State opposition to the use of federal funds for Medicaid expansion as part of the Patient Protection and Affordable Care Act is starting to crumble, experts tell Consumers Digest.
Four states that had opposed the expansion of Medicaid eligibility indicated in February and March 2013 that they will reverse course, and other states that had opposed it might follow in the months ahead, according to two experts whom we interviewed.
The change of heart by some states represents the start of a domino effect that experts had predicted during the past 8 months in ConsumersDigest.com stories. Experts believe that it could be just a matter of time before other states agree to approve the expansion of Medicaid eligibility within the state.

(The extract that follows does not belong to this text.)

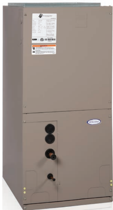
F Series Compact Air Handler
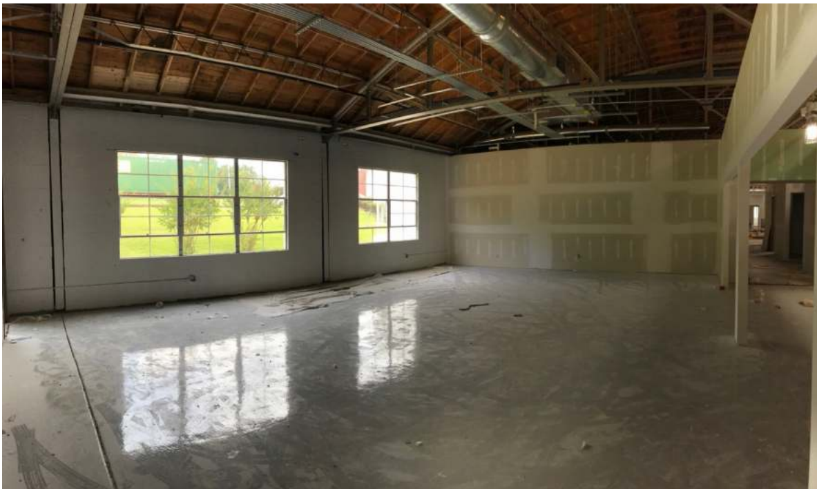
A Base Camp classroom. Distance-learning video-conferencing system coming next week!

Without Medicaid expansion, the burden of paying for health-care services for uninsured low-income individuals in each state falls primarily to cash-strapped local governments. As a result, elected officials who represent opposition states are facing pressure from county and municipal officials to accept federal tax dollars so more individuals can have access to Medicaid, says Elena Marks, who is a health-policy expert at Rice University’s James A. Baker III Institute for Public Policy.
Among other initiatives, the Affordable Care Act seeks to expand Medicaid eligibility in each state for an additional 12 million individuals, and the federal government would pay states to cover the majority of those costs.
Since Feb. 4, 2013, the governors of Arkansas, Florida, New Jersey and Ohio have announced that they will allow the federal government to pay for Medicaid expansion in those states. The four states were among the 26 that initially said they would reject federal funds for Medicaid, because their governors don’t want to increase the federal budget.
Opposition still exists, of course. Republican state legislators in Florida say they will try to block Republican Gov. Rick Scott’s support of Medicaid expansion. In Nebraska, Republican Gov. Dave Heineman announced Feb. 27, 2013, that his state will continue to oppose federally funded Medicaid expansion. Two other states that initially opposed Medicaid expansion—Tennessee and Utah—are reviewing the issue and likely will make a final decision later in March 2013.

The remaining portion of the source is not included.